All of the data must be written out verbatim, with pictures excluded.

Provided material
------

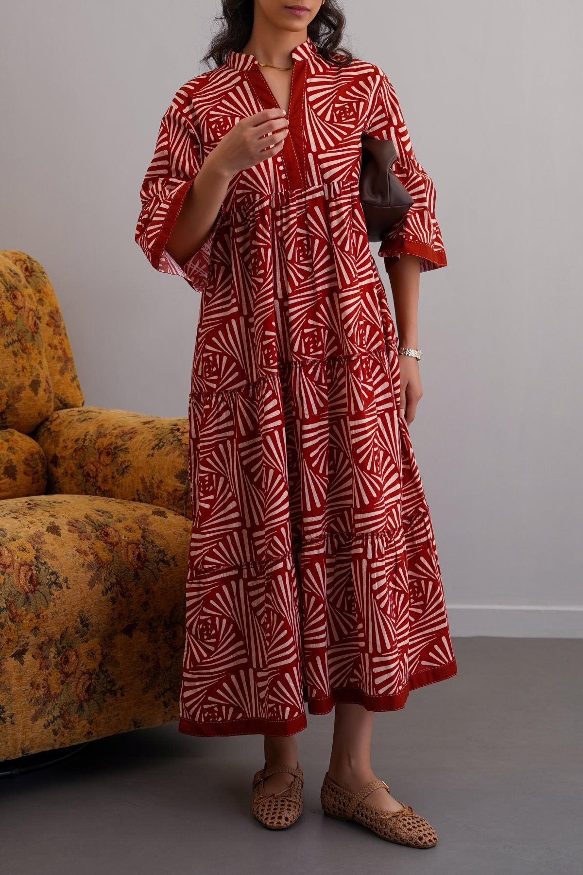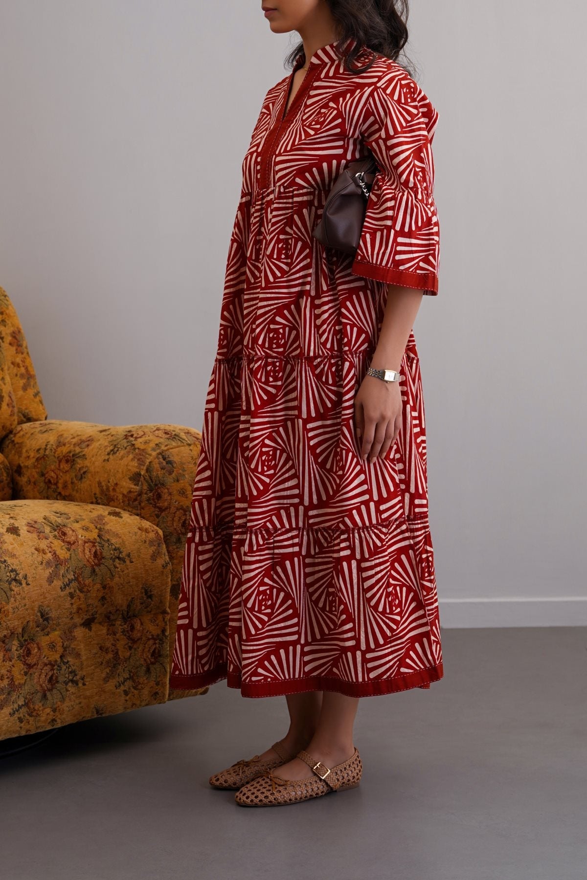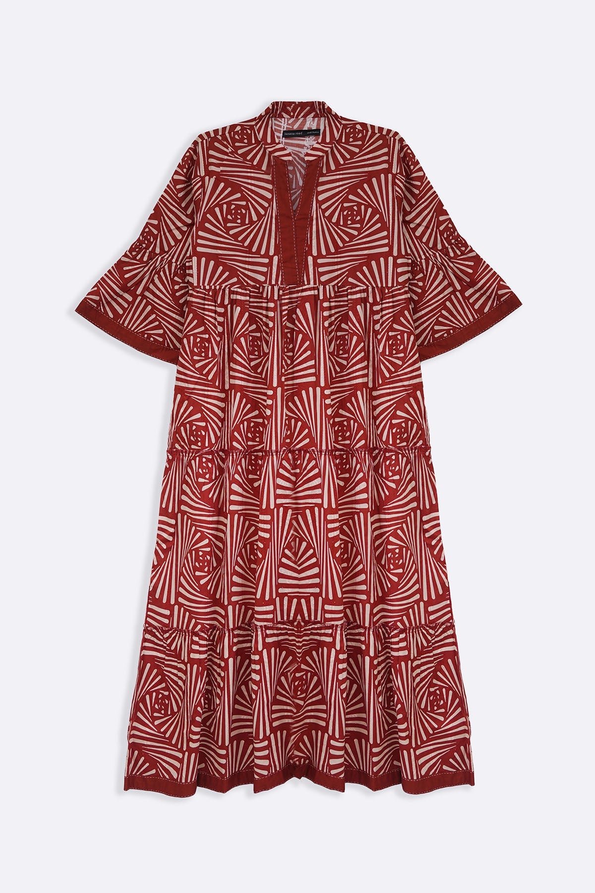 Design details: Printed tiered dress with embroidery, band collar V-neckline and three quarter sleeves.
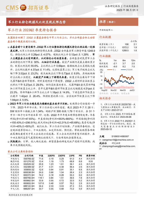 【海通证券】【20230801】军工行业2023Q2季度持仓报告:军工行业持仓规模及比例呈现反弹态势-14页
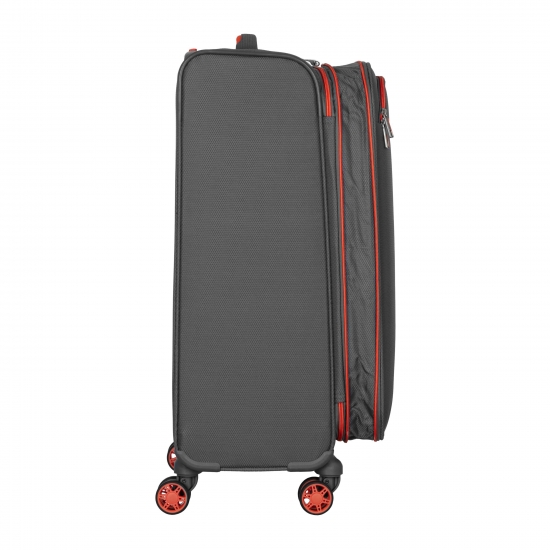 Для комфортного переміщення валізу оснащено чотирма подвійними колесами-спінерами, які обертаються на 360°, забезпечуючи плавний і безшумний рух чи не будь-якою поверхнею. Телескопічне алюмінієве руків’я із фіксацією в трьох положеннях надає змогу налаштувати комфортну висоту відповідно до зросту користувача. На фронтальній поверхні розміщено зовнішню кишеню на блискавці – практичне рішення для зберігання документів, квитків або речей, які мають бути напохваті.
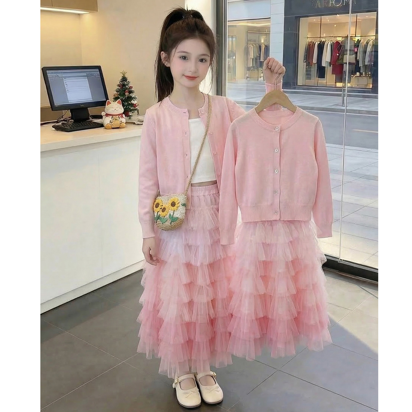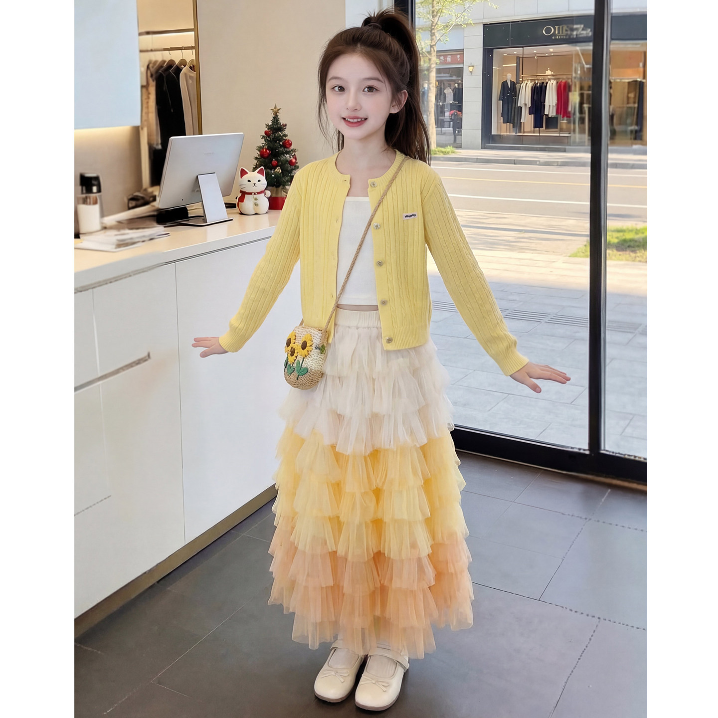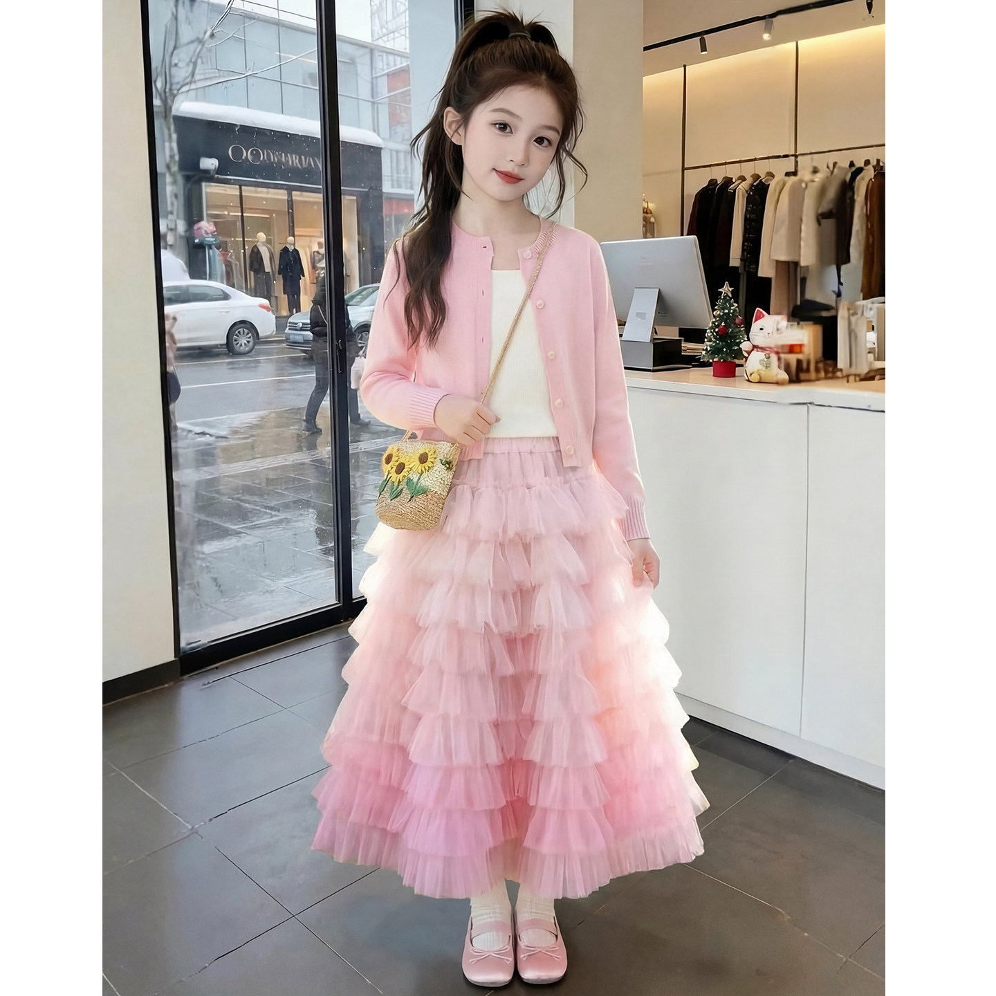 女童春装套装2026新款洋气儿童渐变网纱半身裙两件套女孩春季衣服

------

Reply to the task
 Design details: Printed tiered dress with embroidery, band collar V-neckline and three quarter sleeves.
 【海通证券】【20230801】军工行业2023Q2季度持仓报告:军工行业持仓规模及比例呈现反弹态势-14页
 Для комфортного переміщення валізу оснащено чотирма подвійними колесами-спінерами, які обертаються на 360°, забезпечуючи плавний і безшумний рух чи не будь-якою поверхнею. Телескопічне алюмінієве руків’я із фіксацією в трьох положеннях надає змогу налаштувати комфортну висоту відповідно до зросту користувача. На фронтальній поверхні розміщено зовнішню кишеню на блискавці – практичне рішення для зберігання документів, квитків або речей, які мають бути напохваті.
 女童春装套装2026新款洋气儿童渐变网纱半身裙两件套女孩春季衣服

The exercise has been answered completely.